What you should do>
From the entries below, print exactly the span beginning with the line holding "Elegant Blue and" and ending with the line holding "gold lacquered sections.", endpoints included, and skip any pictures.

Input records>
....

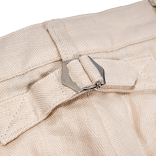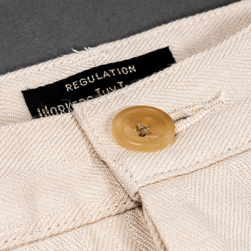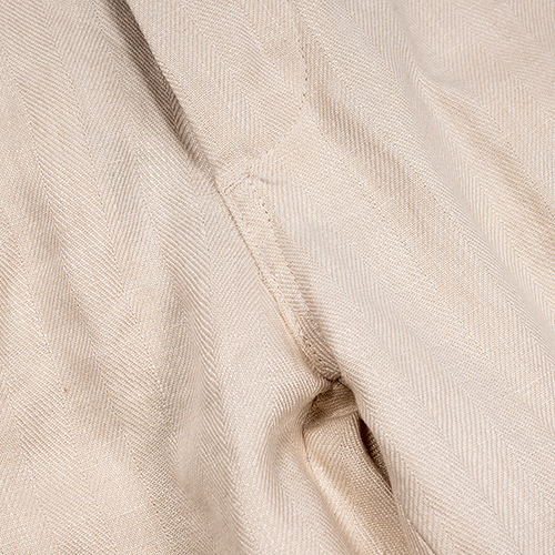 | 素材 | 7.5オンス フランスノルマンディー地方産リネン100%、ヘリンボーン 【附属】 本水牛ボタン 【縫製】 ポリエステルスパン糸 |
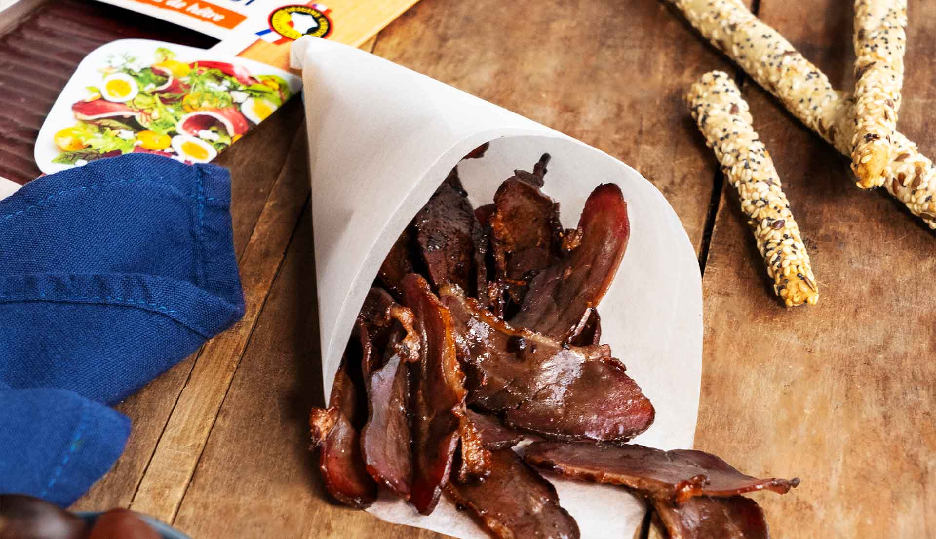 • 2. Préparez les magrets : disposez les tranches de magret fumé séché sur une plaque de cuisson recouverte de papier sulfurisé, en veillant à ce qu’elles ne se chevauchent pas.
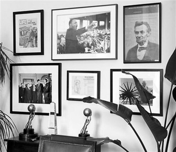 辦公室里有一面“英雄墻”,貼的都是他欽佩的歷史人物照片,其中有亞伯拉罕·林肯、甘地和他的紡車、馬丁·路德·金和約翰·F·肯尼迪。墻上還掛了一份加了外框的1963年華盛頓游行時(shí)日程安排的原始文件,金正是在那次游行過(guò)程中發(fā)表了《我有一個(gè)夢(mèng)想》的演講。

....

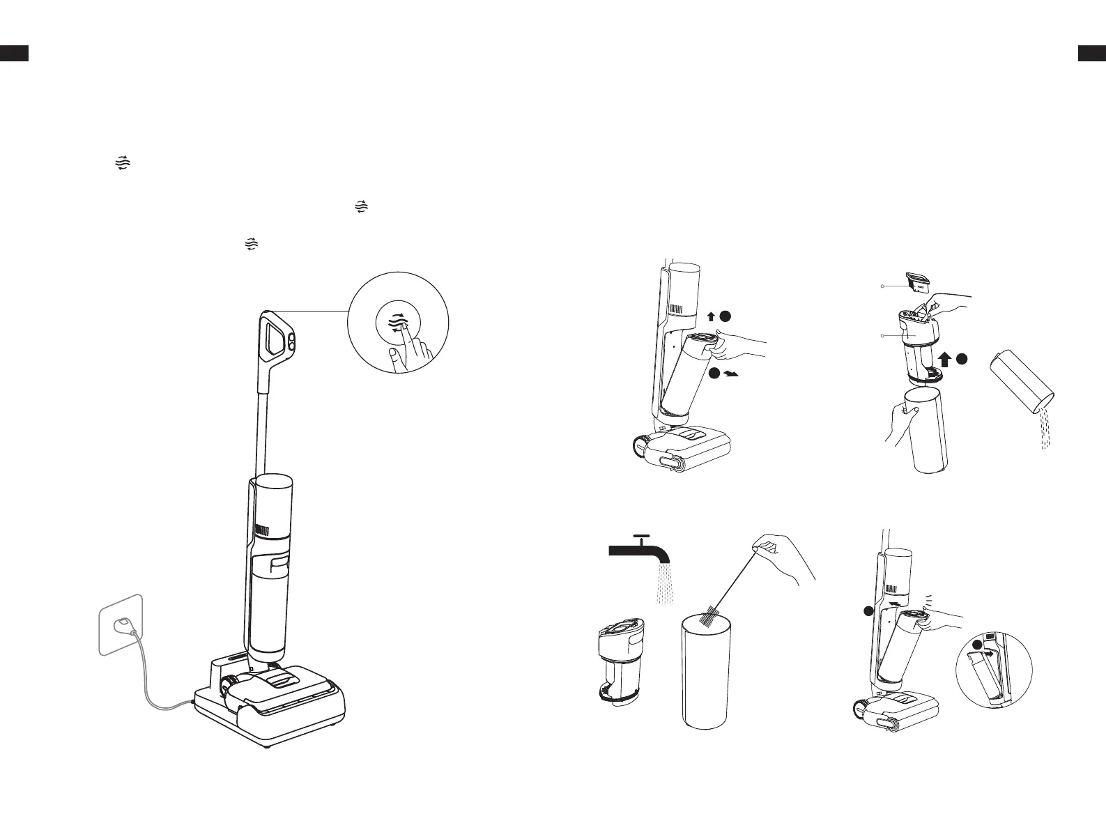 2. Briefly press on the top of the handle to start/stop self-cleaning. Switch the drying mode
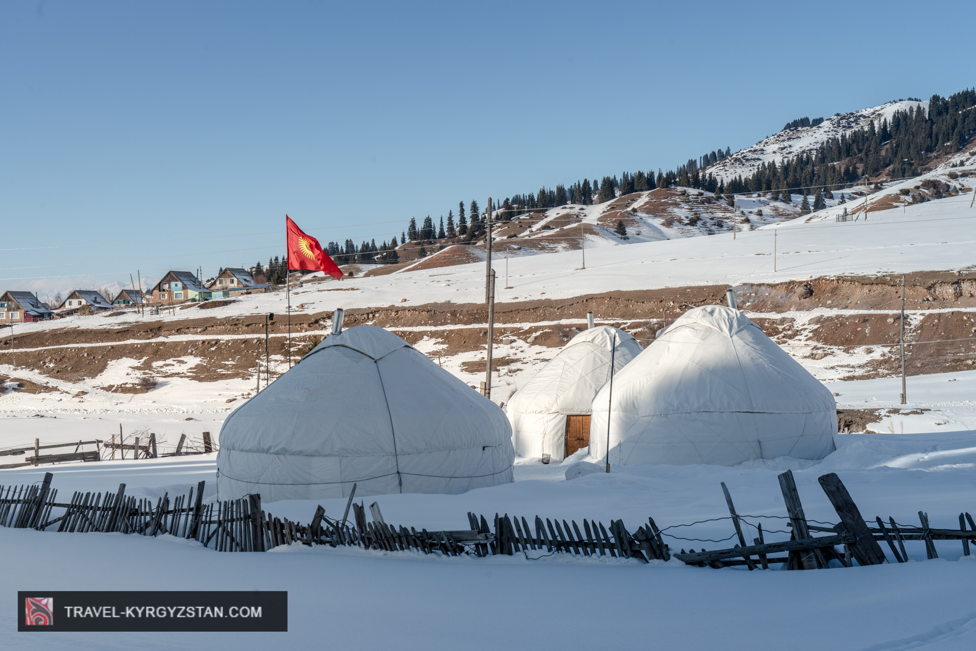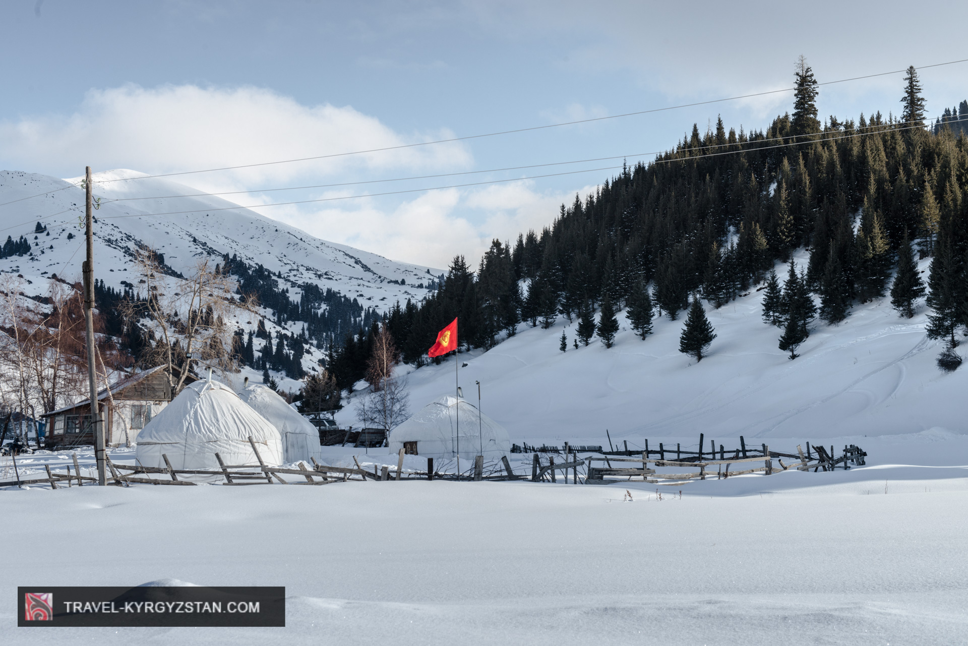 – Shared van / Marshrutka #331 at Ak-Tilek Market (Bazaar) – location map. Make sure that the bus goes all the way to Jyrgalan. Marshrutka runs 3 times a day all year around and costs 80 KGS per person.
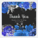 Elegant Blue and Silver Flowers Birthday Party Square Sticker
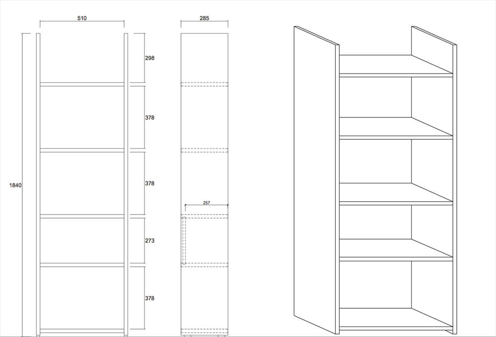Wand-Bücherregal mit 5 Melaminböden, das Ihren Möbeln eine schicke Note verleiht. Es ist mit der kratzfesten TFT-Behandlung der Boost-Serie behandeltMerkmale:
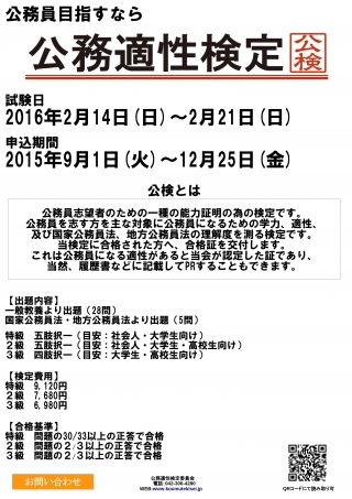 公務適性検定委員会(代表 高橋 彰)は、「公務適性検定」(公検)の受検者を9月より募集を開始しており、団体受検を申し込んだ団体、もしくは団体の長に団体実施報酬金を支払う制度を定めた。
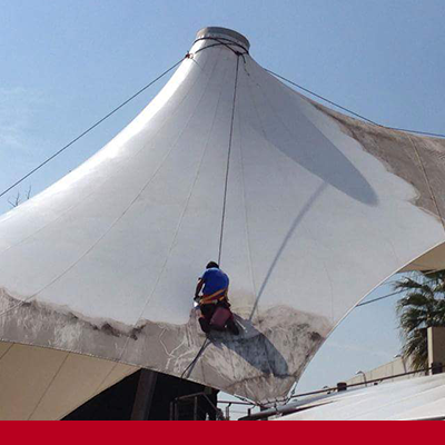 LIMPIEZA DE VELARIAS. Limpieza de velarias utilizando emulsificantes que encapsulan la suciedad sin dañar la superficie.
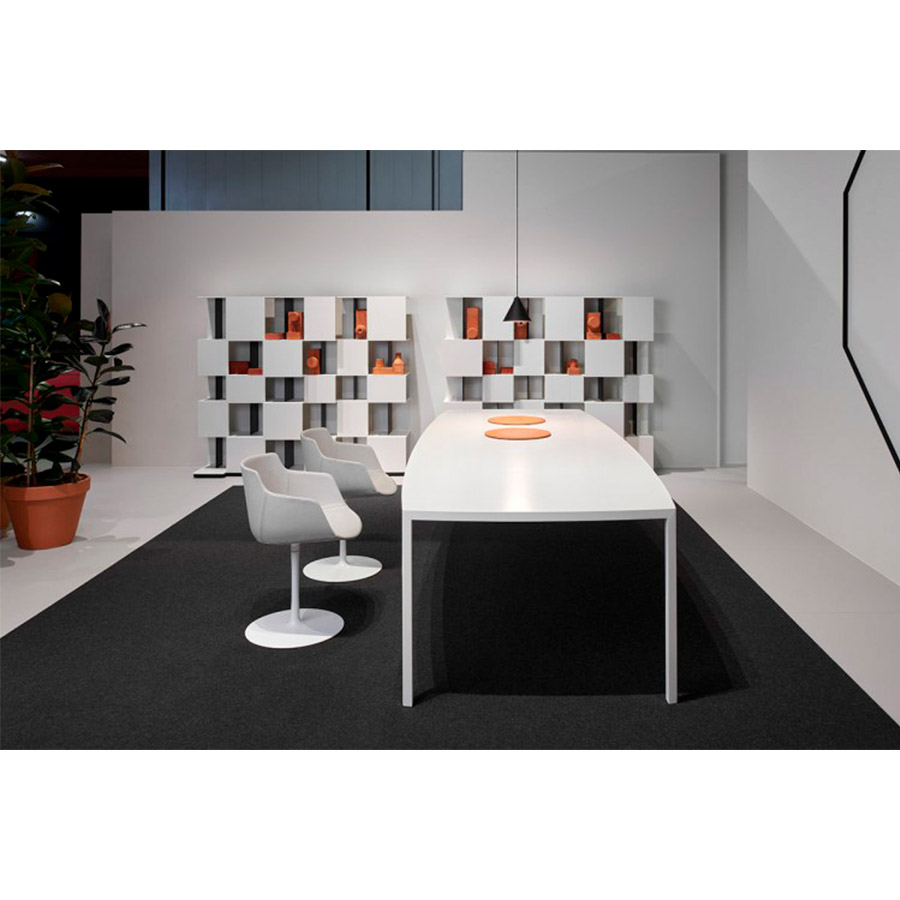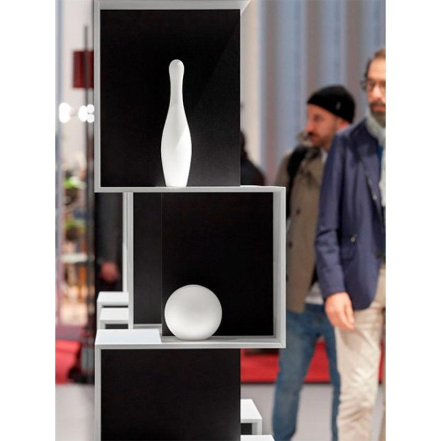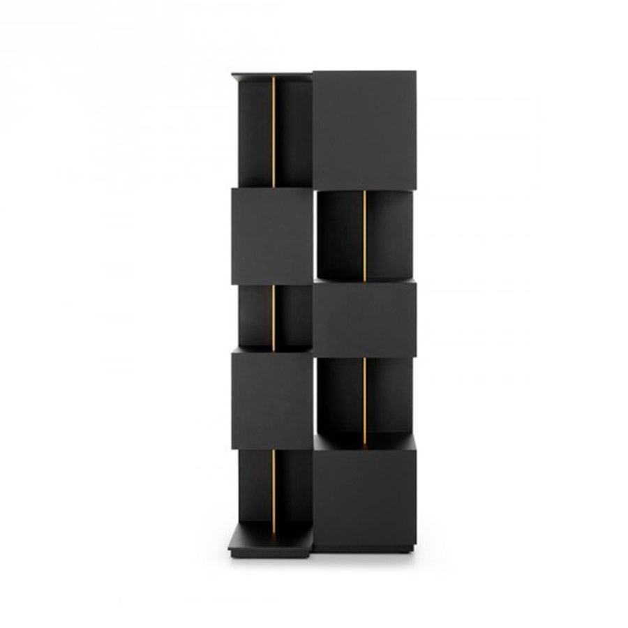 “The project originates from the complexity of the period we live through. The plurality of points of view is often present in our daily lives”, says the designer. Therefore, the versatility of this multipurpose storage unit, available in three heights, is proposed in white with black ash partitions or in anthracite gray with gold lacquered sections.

....

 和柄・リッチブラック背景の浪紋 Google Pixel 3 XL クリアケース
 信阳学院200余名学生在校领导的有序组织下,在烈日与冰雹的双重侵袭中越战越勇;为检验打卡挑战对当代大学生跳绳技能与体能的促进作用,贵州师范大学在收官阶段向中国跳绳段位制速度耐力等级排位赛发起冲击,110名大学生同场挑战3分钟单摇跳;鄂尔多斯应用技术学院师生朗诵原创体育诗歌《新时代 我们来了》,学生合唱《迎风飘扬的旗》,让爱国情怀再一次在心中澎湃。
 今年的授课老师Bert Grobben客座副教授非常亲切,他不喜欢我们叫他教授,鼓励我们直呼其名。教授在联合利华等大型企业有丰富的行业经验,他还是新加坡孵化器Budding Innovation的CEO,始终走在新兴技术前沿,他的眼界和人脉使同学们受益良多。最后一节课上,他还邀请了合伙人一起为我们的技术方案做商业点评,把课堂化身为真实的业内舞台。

....

Reply>
 Elegant Blue and Silver Flowers Birthday Party Square Sticker
Wand-Bücherregal mit 5 Melaminböden, das Ihren Möbeln eine schicke Note verleiht. Es ist mit der kratzfesten TFT-Behandlung der Boost-Serie behandeltMerkmale:
 公務適性検定委員会(代表 高橋 彰)は、「公務適性検定」(公検)の受検者を9月より募集を開始しており、団体受検を申し込んだ団体、もしくは団体の長に団体実施報酬金を支払う制度を定めた。
 LIMPIEZA DE VELARIAS. Limpieza de velarias utilizando emulsificantes que encapsulan la suciedad sin dañar la superficie.
 “The project originates from the complexity of the period we live through. The plurality of points of view is often present in our daily lives”, says the designer. Therefore, the versatility of this multipurpose storage unit, available in three heights, is proposed in white with black ash partitions or in anthracite gray with gold lacquered sections.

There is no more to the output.